*** Input data ***

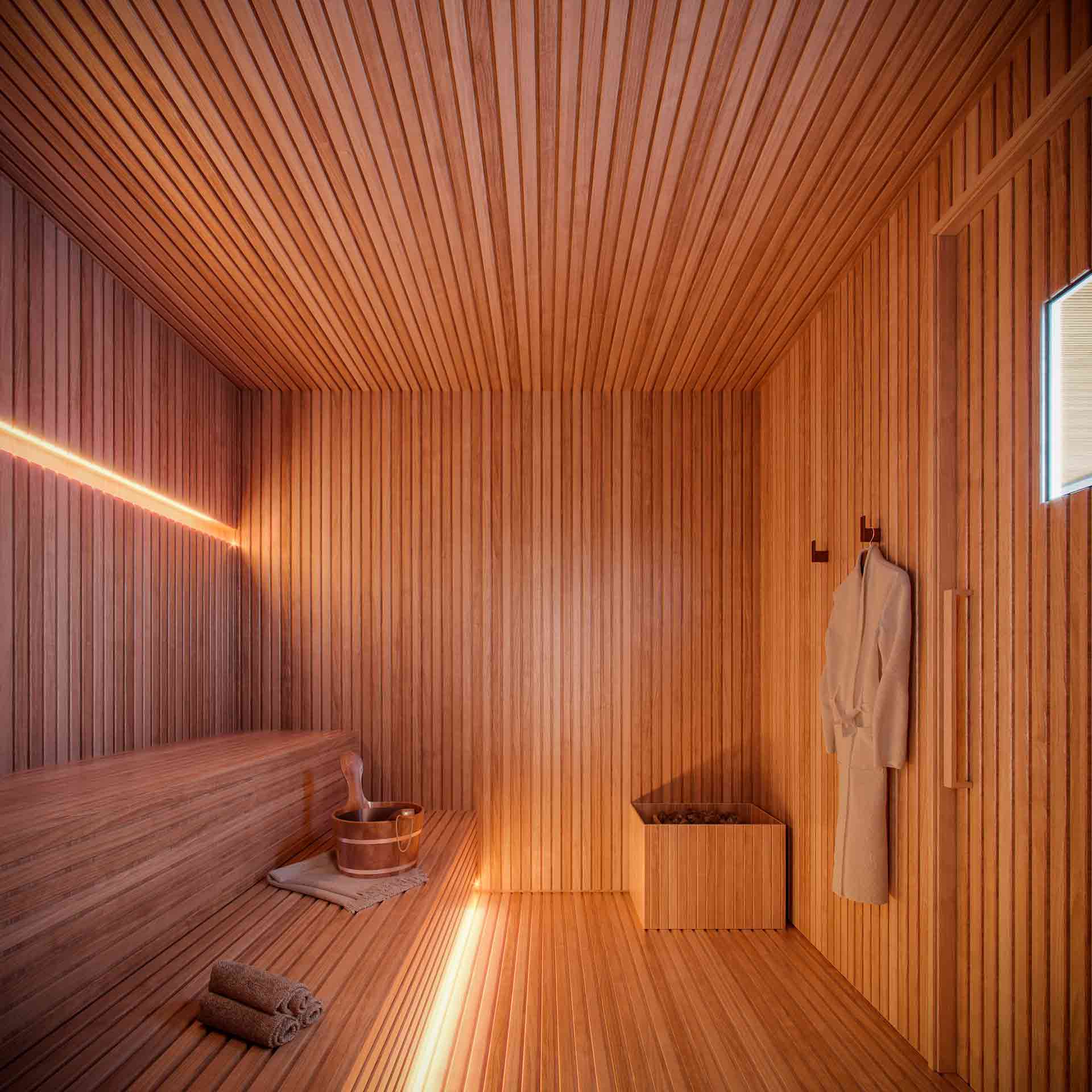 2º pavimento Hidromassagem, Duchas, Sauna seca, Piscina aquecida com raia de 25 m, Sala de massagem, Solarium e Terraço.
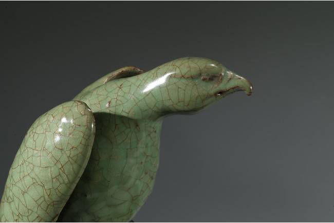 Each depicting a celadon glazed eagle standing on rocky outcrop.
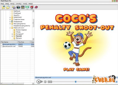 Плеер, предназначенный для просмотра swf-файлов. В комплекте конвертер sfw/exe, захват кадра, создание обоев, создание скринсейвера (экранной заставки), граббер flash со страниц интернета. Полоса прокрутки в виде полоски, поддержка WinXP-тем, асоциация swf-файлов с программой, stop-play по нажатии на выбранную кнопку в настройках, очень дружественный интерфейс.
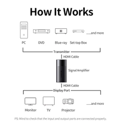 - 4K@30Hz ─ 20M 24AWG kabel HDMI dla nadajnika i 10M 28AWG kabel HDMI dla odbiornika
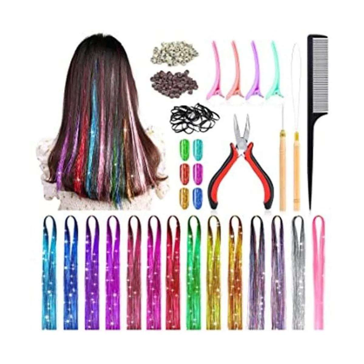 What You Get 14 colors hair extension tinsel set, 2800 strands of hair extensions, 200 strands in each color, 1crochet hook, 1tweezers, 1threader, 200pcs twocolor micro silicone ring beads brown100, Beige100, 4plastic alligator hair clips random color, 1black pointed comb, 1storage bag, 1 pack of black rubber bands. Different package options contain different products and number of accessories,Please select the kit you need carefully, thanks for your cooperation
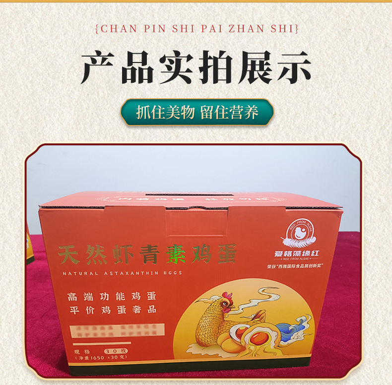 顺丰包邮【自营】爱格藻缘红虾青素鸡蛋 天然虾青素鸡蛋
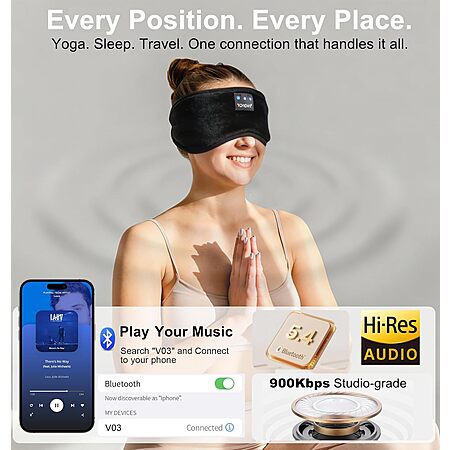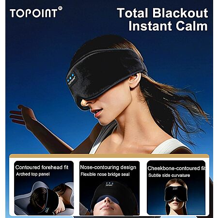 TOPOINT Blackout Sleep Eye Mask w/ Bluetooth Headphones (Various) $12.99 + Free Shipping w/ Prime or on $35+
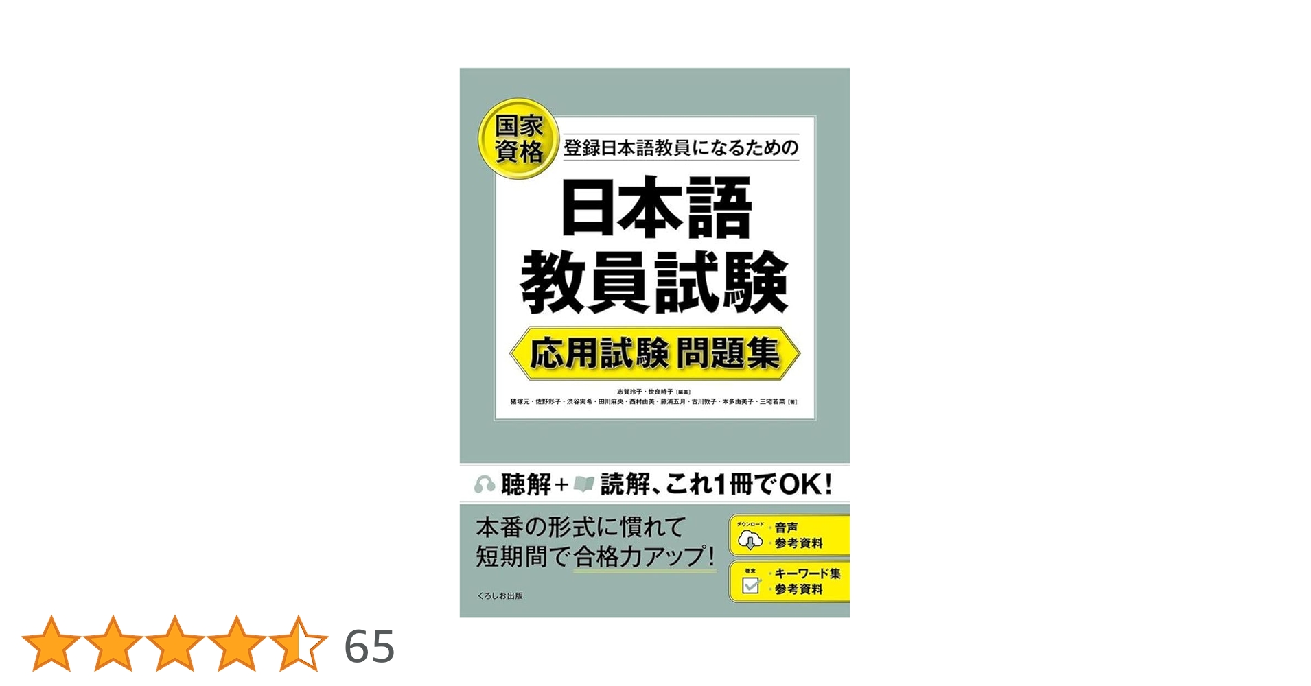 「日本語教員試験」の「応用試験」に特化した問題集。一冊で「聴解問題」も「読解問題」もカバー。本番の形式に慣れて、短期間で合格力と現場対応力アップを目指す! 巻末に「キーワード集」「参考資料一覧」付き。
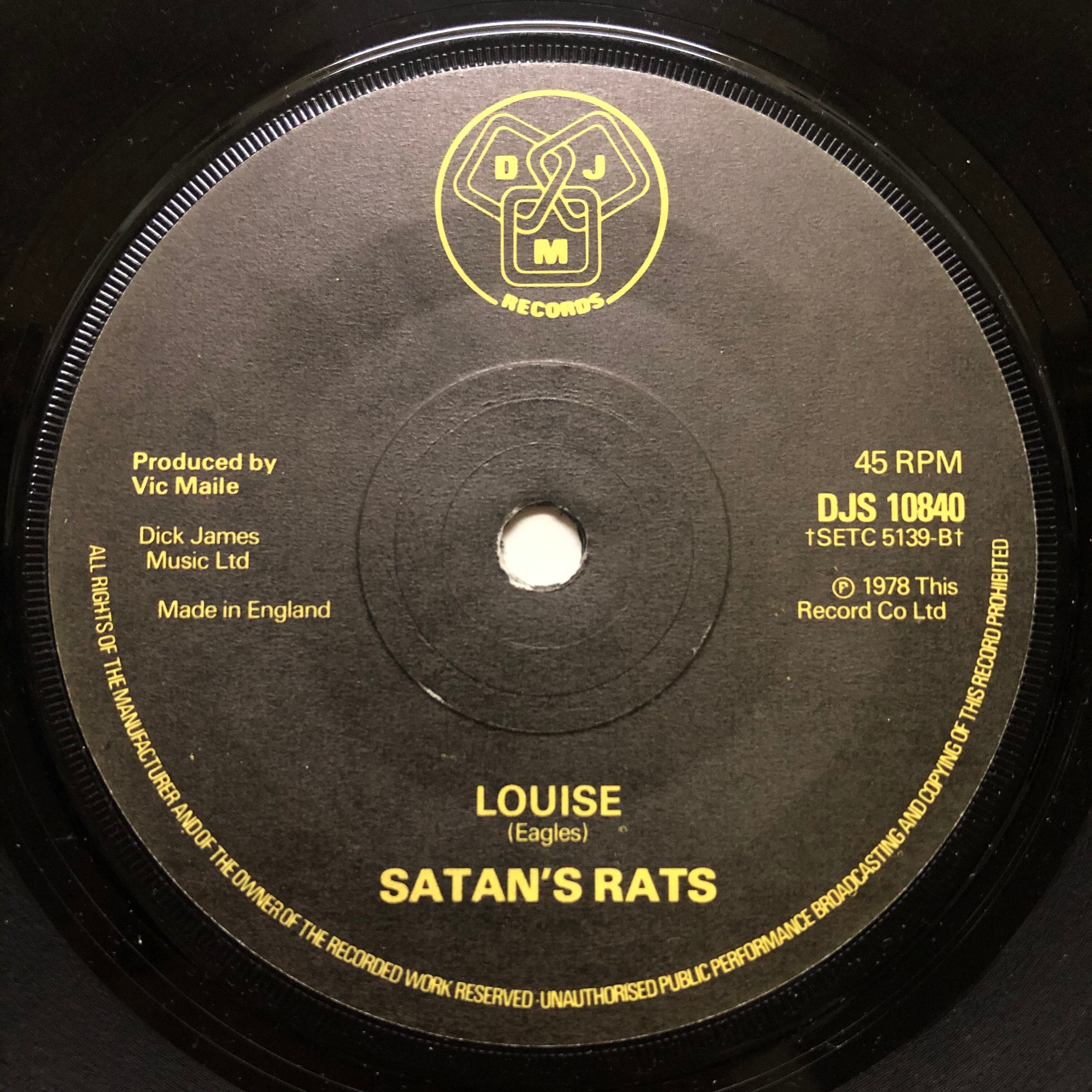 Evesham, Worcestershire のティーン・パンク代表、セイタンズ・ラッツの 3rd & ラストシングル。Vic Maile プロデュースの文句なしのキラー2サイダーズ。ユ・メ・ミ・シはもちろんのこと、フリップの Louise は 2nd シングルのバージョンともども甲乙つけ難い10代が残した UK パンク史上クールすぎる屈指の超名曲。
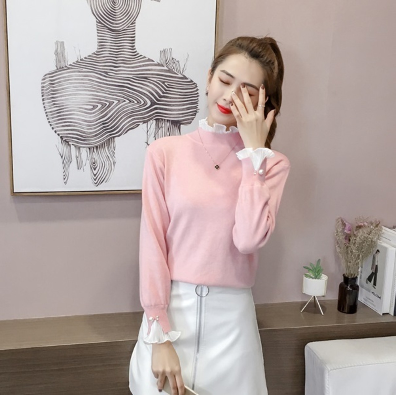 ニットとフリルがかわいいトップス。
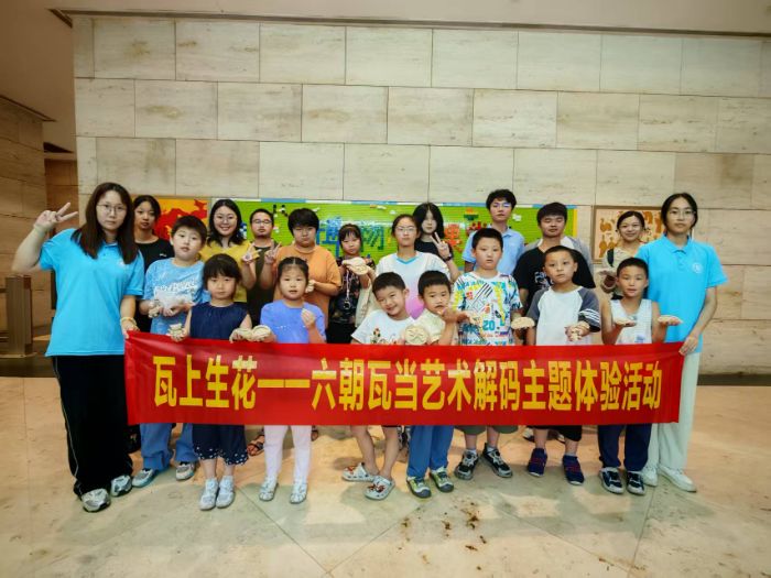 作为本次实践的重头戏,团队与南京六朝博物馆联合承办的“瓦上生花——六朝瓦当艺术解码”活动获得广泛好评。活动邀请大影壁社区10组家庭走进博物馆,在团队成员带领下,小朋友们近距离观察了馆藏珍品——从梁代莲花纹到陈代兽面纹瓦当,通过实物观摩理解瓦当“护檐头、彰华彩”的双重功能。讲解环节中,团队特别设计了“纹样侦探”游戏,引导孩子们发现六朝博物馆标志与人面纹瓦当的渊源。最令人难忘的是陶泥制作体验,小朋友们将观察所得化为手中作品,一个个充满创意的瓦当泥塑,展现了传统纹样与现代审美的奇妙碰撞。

*** End of Input data ***

■ Try it ■
Repeat exactly the lines above, beginning at the one containing "What You Get" and ending at the one containing "ニットとフリルがかわいいトップス。". Do not carry over any pictures.

■ Problem solution ■
 What You Get 14 colors hair extension tinsel set, 2800 strands of hair extensions, 200 strands in each color, 1crochet hook, 1tweezers, 1threader, 200pcs twocolor micro silicone ring beads brown100, Beige100, 4plastic alligator hair clips random color, 1black pointed comb, 1storage bag, 1 pack of black rubber bands. Different package options contain different products and number of accessories,Please select the kit you need carefully, thanks for your cooperation
 顺丰包邮【自营】爱格藻缘红虾青素鸡蛋 天然虾青素鸡蛋
 TOPOINT Blackout Sleep Eye Mask w/ Bluetooth Headphones (Various) $12.99 + Free Shipping w/ Prime or on $35+
 「日本語教員試験」の「応用試験」に特化した問題集。一冊で「聴解問題」も「読解問題」もカバー。本番の形式に慣れて、短期間で合格力と現場対応力アップを目指す! 巻末に「キーワード集」「参考資料一覧」付き。
 Evesham, Worcestershire のティーン・パンク代表、セイタンズ・ラッツの 3rd & ラストシングル。Vic Maile プロデュースの文句なしのキラー2サイダーズ。ユ・メ・ミ・シはもちろんのこと、フリップの Louise は 2nd シングルのバージョンともども甲乙つけ難い10代が残した UK パンク史上クールすぎる屈指の超名曲。
 ニットとフリルがかわいいトップス。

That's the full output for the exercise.